Work item:
The material below is to be copied exactly from the line with "ชั้นนักชี อาหารท้องถิ่น" up to and including the line with "Jevakin — Căsătoria de Gogol", with nothing else kept and no pictures.

------ Data provided

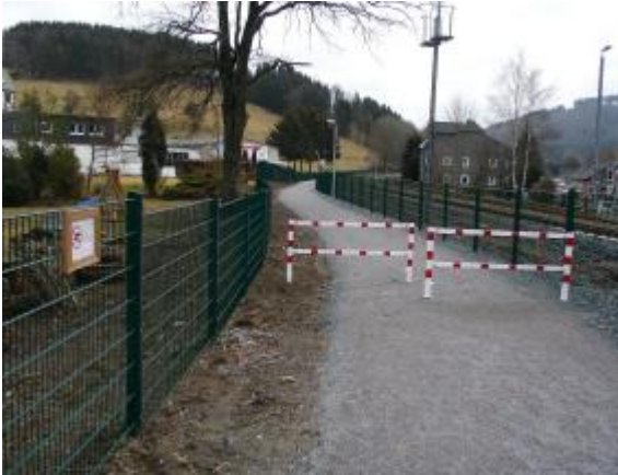
Unmittelbar an der Bahnstrecke entlang führt der neue Verbindungsweg vom Ortskern Richtung Dümel.
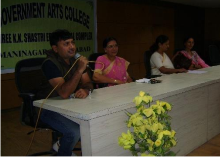
ભૂતપૂર્વ વિદ્યાર્થીઓનું મિલન
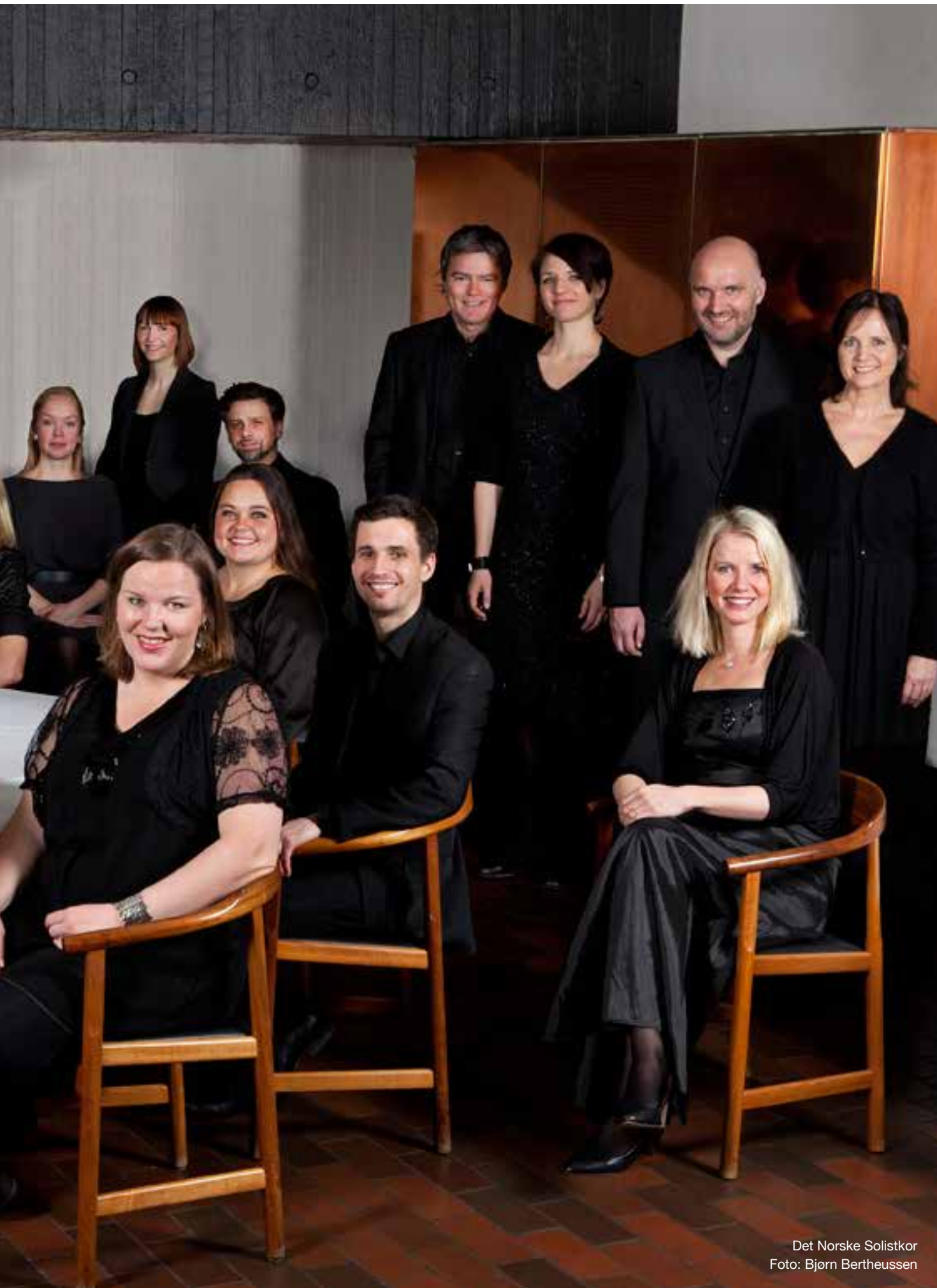
Det Norske Solistkor
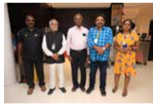
With the team of MAAMANITHAN
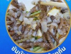
ชั้นนักชี อาหารท้องถิ่น
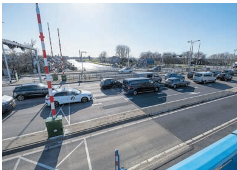
Veel bruggen zijn aan onderhoud of vervanging toe.

Haarlem - De provincie Noord-Holland neemt extra maatregelen om storingen bij bruggen, veerponten en sluizen zo veel mogelijk te voorkomen. Ook worden er maatregelen getroffen om storingen sneller te verhelpen wanneer deze zich voordoen. De maatregelen zijn bepaald na een interne analyse van de beweegbare bruggen, veerponten en sluizen in Noord-Holland. Deze analyse volgde na de grote overlast die weg- en vaarweggebruikers in 2023 ervoeren door meerdere storingen bij de Leimuiderbrug, in combinatie met storingen aan andere bruggen in de provincie. Gedeputeerde Jeroen Olthof: "Hoewel in 2023 het aantal storingen in totaal iets afnam, was de hinder voor de weg- en vaarweggebruikers juist heel groot. Iedere brug is een belangrijke schakel in het hele netwerk van wegen en vaarwegen. Nu het steeds drukker wordt en er al veel hinder is door langdurige stremingen en wegwerkzaamheden, moeten we actie ondernemen en er alles aan proberen te doen om storingen tegen te gaan."
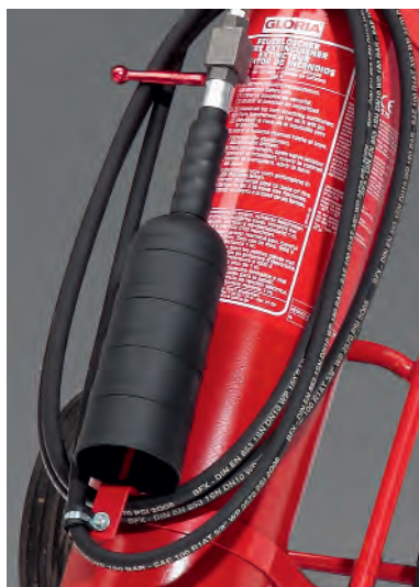
Leicht bedienbare Löscheinheit
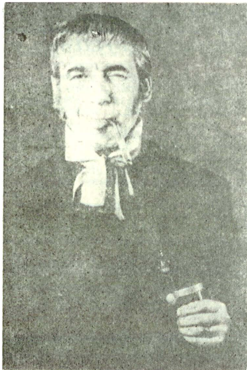
Jevakin — Căsătoria de Gogol

cu (Micul Infern) de Mircea Ștefănescu, Ionescu Novus ( Gimnastică sentimentală de V. Voiculescu), Decebal („Escu de T. Mușatescu), Fiorelo ( Dona Juana de Radu Stanca), Nate ( Punctul culminant de Gh. Vlăd), Valentin ( Simbătă la Veritas de M. R. Jacoban), Bebe Valsamache ( Sicliana de A. Baranga), Măilat ( Singele ), Dinu ( O casă onorabilă de H. Lovinescu), Maiorul ( Acum și-n cele din urmă de Th. Mănescu) — din dramaturgia românească; Arlechino ( Mîncinosul de Goldoni), Speed ( Doi tineri din Verona de Shakespeare), Topaze (eroul piesei lui Marcel Pagnol), Don Perlimplin ( Dragostea lui Don Perlimplin de Garcia Lorca), Burgoyne ( Discipolul diavolului de G. B. Shaw), Fred ( Mașina de scris de J. Cocteau), Frank al V-lea (din piesa omonimă de Dürrenmatt), Jevakin ( Căsătoria ) și Poprișcin ( Jurnalul unui nebun de Gogol) — din dramaturgia universală sînt doar o parte dintre cele jucate. Parafrazîndu-l pe Figaro, aș spune: „Trebuie să ne bucurăm că trăim și să trăim pentru a ne bucura“.
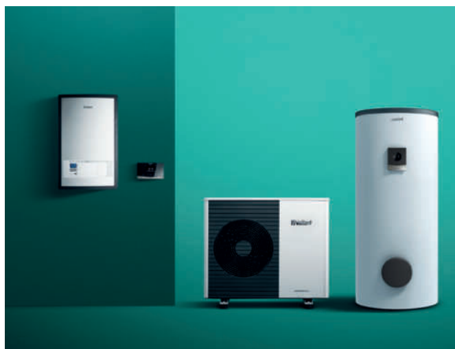
Tepelné čerpadlo aroTHERM plus, externý zásobník teplej vody uniSTOR, závesný hydraulický modul, systémový regulátor sensoCOMFORT
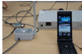
ワンセグ放送システム
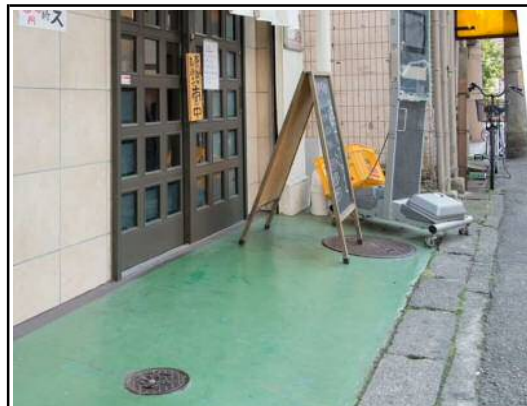
扉の納まり段差（1cm）以外に段差無し。
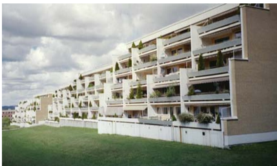
Figur 2.3: Noen av terrasseleilighetene
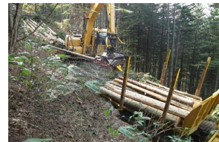
プロセッサによる造材作業と フォワーダによる搬出作業
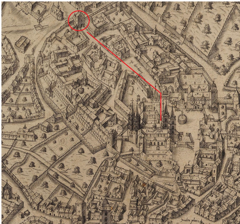
Abb. 6: Zweidler-Plan von 1602, Ausschnitt Domburg

zu. 58 Die heutige direkte Verbindung zur Stadt über die Karolinenstraße datiert erst aus der Abtragung des Terrains im Zuge der barocken Umgestaltung des Domplatzes nach dem Bau der Neuen Residenz Ende des 18. Jahrhunderts. Im Mittelalter erfolgte der Hauptzugang zur Domburg über das obere Tor bei St. Jakob. 59
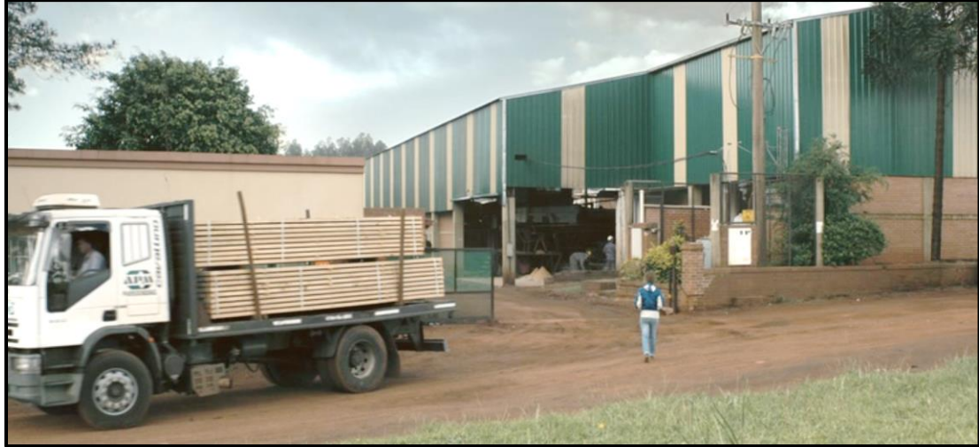
Fotograma no. 13: Plano general de Paulina en el aserradero.

En su encuentro, Ciro y Paulina quedan enfrentados (plano-contraplano) y la perspectiva subraya la subjetividad de Paulina (Fotograma no. 14. Plano medio corto de Ciro, desde la perspectiva de Paulina). Dice Paulina: “Ciro, necesito hablar con vos” (01:10:48). Ciro no busca redimirse, al contrario, la frena con un “¿qué querés?” (01:10:56). Muy a pesar de su rostro cansado, Paulina es quien trata de tranquilizarlo para establecer la comunicación: “No te preocupes, no te va a pasar nada. Nadie sabe que vine acá” (01:10:56). Ciro, insiste con tono amenazante, que señala su actitud defensiva: “¿Qué es lo que querés?” (01:11:02); Paulina, vuelve a repetirlo, “Ya te dije, necesito hablar (...), no te asustes, te doy mi palabra, no te va a pasar nada” (01:11:15).

------------

Final answer:
ชั้นนักชี อาหารท้องถิ่น
Veel bruggen zijn aan onderhoud of vervanging toe.

Haarlem - De provincie Noord-Holland neemt extra maatregelen om storingen bij bruggen, veerponten en sluizen zo veel mogelijk te voorkomen. Ook worden er maatregelen getroffen om storingen sneller te verhelpen wanneer deze zich voordoen. De maatregelen zijn bepaald na een interne analyse van de beweegbare bruggen, veerponten en sluizen in Noord-Holland. Deze analyse volgde na de grote overlast die weg- en vaarweggebruikers in 2023 ervoeren door meerdere storingen bij de Leimuiderbrug, in combinatie met storingen aan andere bruggen in de provincie. Gedeputeerde Jeroen Olthof: "Hoewel in 2023 het aantal storingen in totaal iets afnam, was de hinder voor de weg- en vaarweggebruikers juist heel groot. Iedere brug is een belangrijke schakel in het hele netwerk van wegen en vaarwegen. Nu het steeds drukker wordt en er al veel hinder is door langdurige stremingen en wegwerkzaamheden, moeten we actie ondernemen en er alles aan proberen te doen om storingen tegen te gaan."
Leicht bedienbare Löscheinheit
Jevakin — Căsătoria de Gogol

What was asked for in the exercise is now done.